Chemische affinitätsbasierte Isolierung extrazellulärer Vesikel aus Bioflüssigkeiten für die Proteomik- und Phosphoproteomik-Analyse

Published: October 27, 2023
doi:
10.3791/65844
, , ,
1Department of Biochemistry,Purdue University, 2Tymora Analytical Operations, 3Department of Chemistry,Purdue University, 4Purdue Institute for Cancer Research,Purdue University

Summary

Das vorliegende Protokoll enthält detaillierte Beschreibungen für die effiziente Isolierung von extrazellulären Vesikeln im Urin unter Verwendung funktionalisierter magnetischer Beads. Darüber hinaus umfasst es nachfolgende Analysen, einschließlich Western Blotting, Proteomik und Phosphoproteomik.

Abstract

Extrazelluläre Vesikel (EVs) aus Bioflüssigkeiten haben in jüngster Zeit im Bereich der Flüssigbiopsie große Aufmerksamkeit erlangt. Sie werden von fast allen Zelltypen freigesetzt, liefern eine Echtzeit-Momentaufnahme der Wirtszellen und enthalten eine Fülle molekularer Informationen, darunter Proteine, insbesondere solche mit posttranslationalen Modifikationen (PTMs) wie Phosphorylierung, als Hauptakteur der zellulären Funktionen und des Ausbruchs und Fortschreitens von Krankheiten. Die Isolierung von Elektrofahrzeugen aus Bioflüssigkeiten ist jedoch aufgrund der geringen Ausbeuten und Verunreinigungen der derzeitigen Isolationsmethoden für Elektrofahrzeuge nach wie vor eine Herausforderung, was die nachgelagerte Analyse von EV-Fracht, wie z. B. EV-Phosphoproteinen, erschwert. Hier beschreiben wir eine schnelle und effektive EV-Isolierungsmethode, die auf funktionalisierten magnetischen Beads für die EV-Isolierung aus Bioflüssigkeiten wie menschlichem Urin und der nachgeschalteten Proteomik- und Phosphoproteomik-Analyse nach der EV-Isolierung basiert. Das Protokoll ermöglichte eine hohe Rückgewinnungsausbeute von EVs im Urin und empfindliche Profile des EV-Proteoms und Phosphoproteoms.

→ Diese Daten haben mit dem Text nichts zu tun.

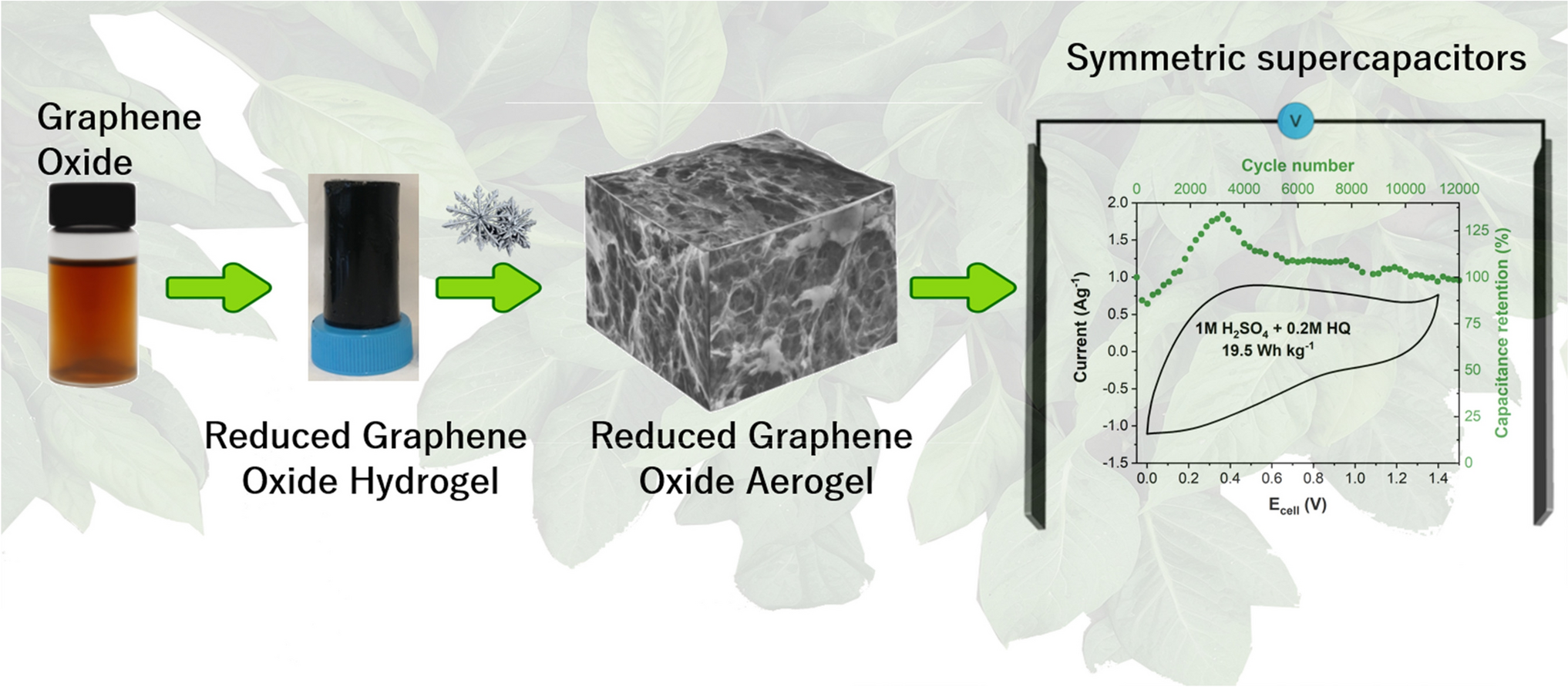In this work, we developed a full two electrode device architecture, where the rGO aerogel (rGO aero), fabricated through a straightforward, scalable and environmentally-friendly protocol (hydrothermal synthesis, water exchange, and freeze-drying), exhibits promising electrochemical performance, which surpasses many more complex materials [17, 21]. Additionally, the aerogel form of rGO demonstrates efficient performance as an active electrode material for symmetric supercapacitor operating in both neutral and acidic electrolytes with extended operational potential range. The core innovation, however, is unlocking superior charge storage capabilities of the hybrid device with undoped graphene aerogel electrodes by modification of an acidic electrolyte with a redox-active additive (hydroquinone), which has not yet been reported [22]. The rGO aero-based two electrode devices delivered a remarkable energy density up to 28.5 Wh kg−1 at power density of 0.154 kW kg−1. The ability to store high energy densities combined with the simplicity of the synthesis procedure and versatility of use make rGO aero a promising material for electrochemical applications.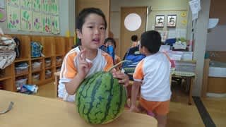 夏の風物詩の代表でもあるスイカを、みんなで美味しくいただくことが出来ました。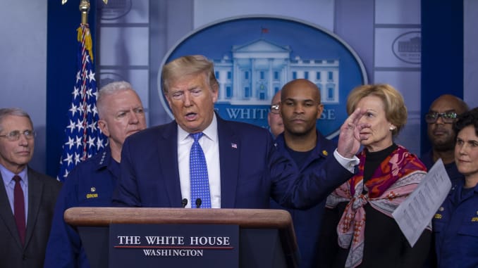Trump is talking BS and dumbing down the virus whilst his advisers shake their heads behind him.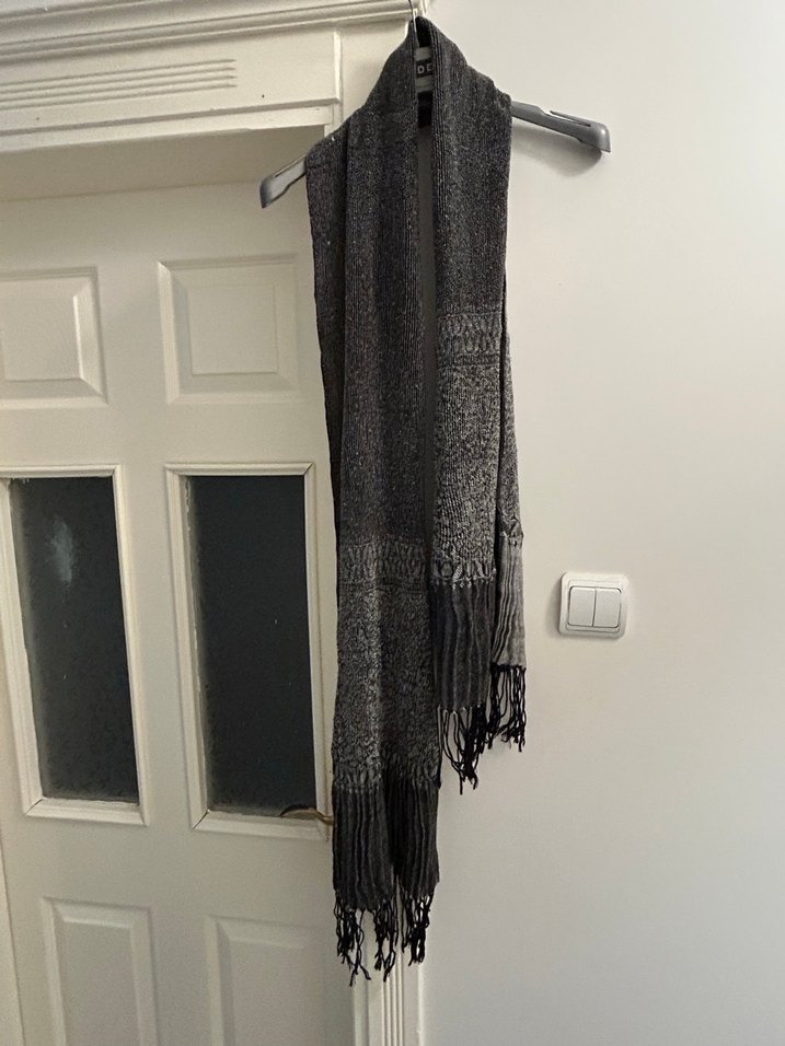 Gri örgü yünden yapılmış, püsküllü uçlu bohem tarzı atkı, şık ve rahat bir görünüm sağlar.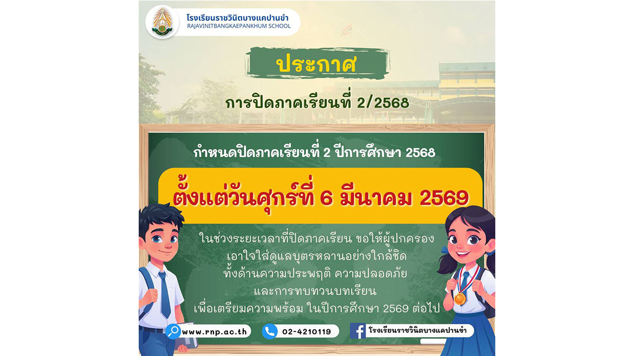ประกาศโรงเรียนราชวินิตบางแคปานขำ เรื่อง การปิดภาคเรียนที่ 2 ปีการศึกษา 2568 04 มี.ค. 69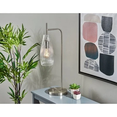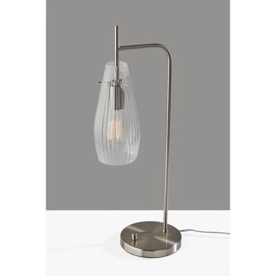 Add an elegant blend of mid-century modern and vintage design to your home with the slim silhouette of the brushed steel and glass 25.75″ tall Layla desk lamp. The brushed steel finish accentuates the round base, thin stem, and socket while beautifully complementing the clear ribbed glass of the long and slender shade. With its open-bottomed tear-drop shape and ribbed texturing, the shade adds a distinctive look that leaves a 60W bulb slightly visible while softly diffusing the light. Operated by a rotary switch in brushed steel located on the round, 7″ diameter base to easily turn it on or off, the desk lamp also features a 70″ clear cord. Complete your dĂŠcor with the coordinating Layla floor lamp, wall lamp, and pendant lighting.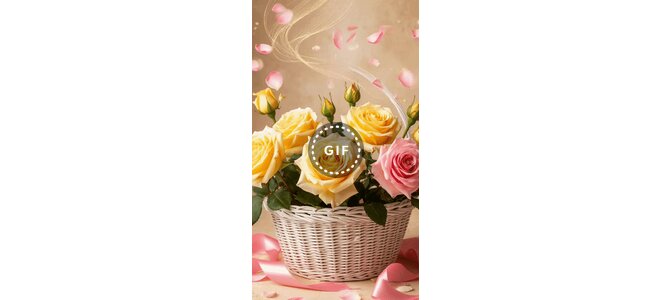 Теги:розы, цветы, анимация, гиф, корзина роз, корзина цветов, женщине, девушке, девочке, пожелания на каждый день, красивая анимация, с днем рождения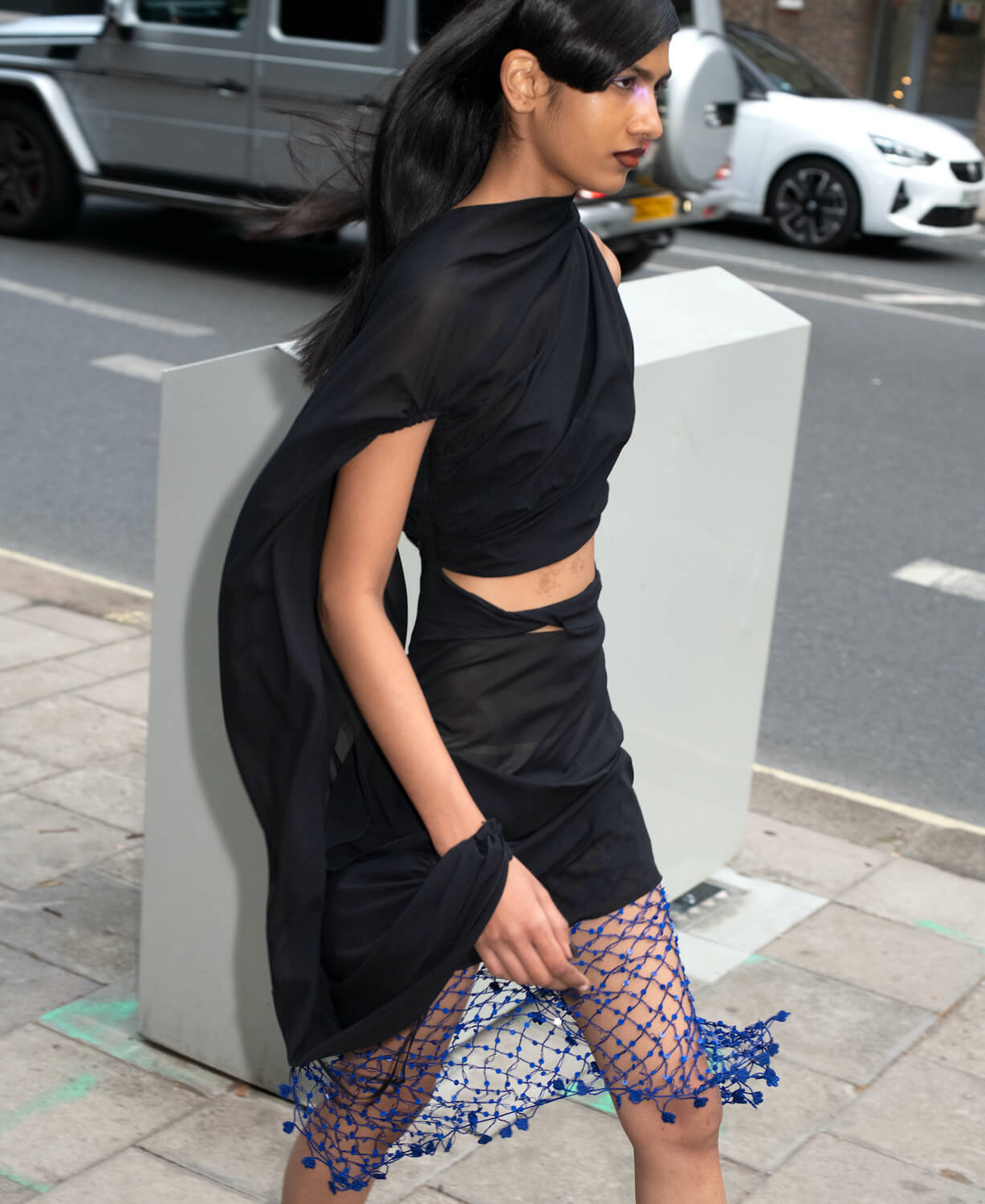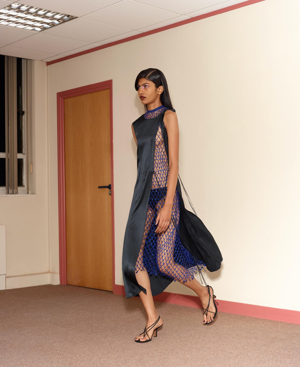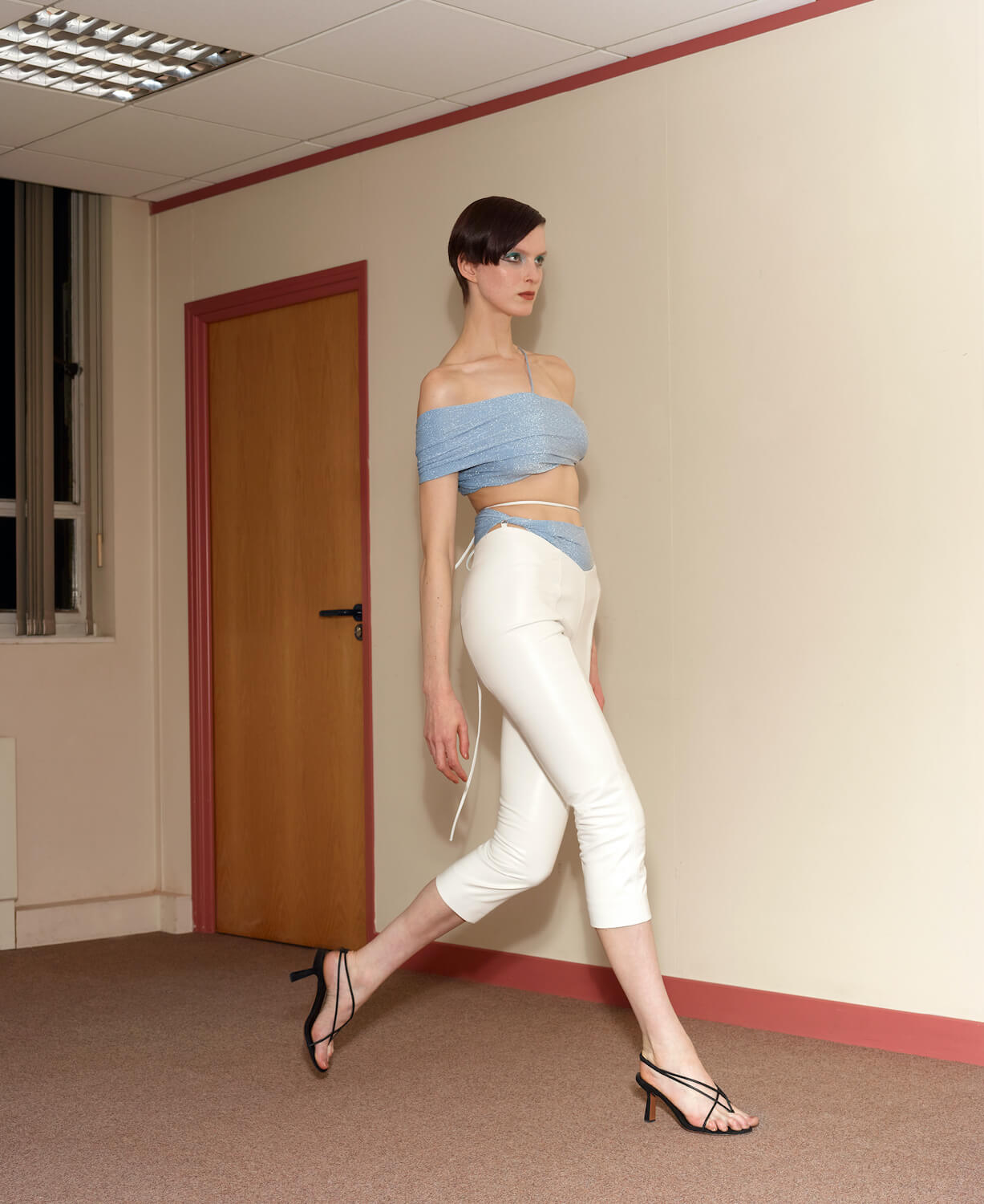 Strutting the city streets, Supriya Lele’s ladies wear luxuriously liberating garments that protect and celebrate the body inside her SS23 campaign. Shot by British photographer Jack Day outside and around the designer’s South London studio, her effervescent, naughties-nostalgic silhouettes dance. Lele’s classic codes are rife through the collection, apparent in the luscious drapery and fluid formations, but she also adds boxy coats and for the first time ever shirting into the mix bringing on a new level of maturity. It also features a confident colour palette of cerulean, amethyst, fuchsia and cornflower hues, riffing on the traditional dress of Lele’s Indian heritage. Fearlessly feminine and somehow sporty, despite its being built of sarong skirts, halterneck tops, mini dresses and capri pants, the collection is sure to fly off of the shelves.

Darüber hinaus werden hier auch auf die Vielseitigkeit dieses Protokolls und relevante technische Überlegungen eingegangen.

Introduction

Extrazelluläre Vesikel (EVs) sind membranverkapselte Nanopartikel, die von allen Arten von Zellen abgesondert werden und in Bioflüssigkeiten wie Blut, Urin, Speichel usw. vorhanden sind.1,2,3,4. EVs tragen eine Ladung verschiedener bioaktiver Moleküle, die den physiologischen und pathologischen Zustand ihrer Wirtszellen widerspiegeln und daher als entscheidende Faktoren für das Fortschreiten der Krankheit fungieren 4,5,6. Darüber hinaus haben umfangreiche Studien gezeigt, dass EV-basierte Krankheitsmarker vor dem Auftreten von Symptomen oder der physiologischen Erkennung von Tumoren identifiziert werden können 5,6,7.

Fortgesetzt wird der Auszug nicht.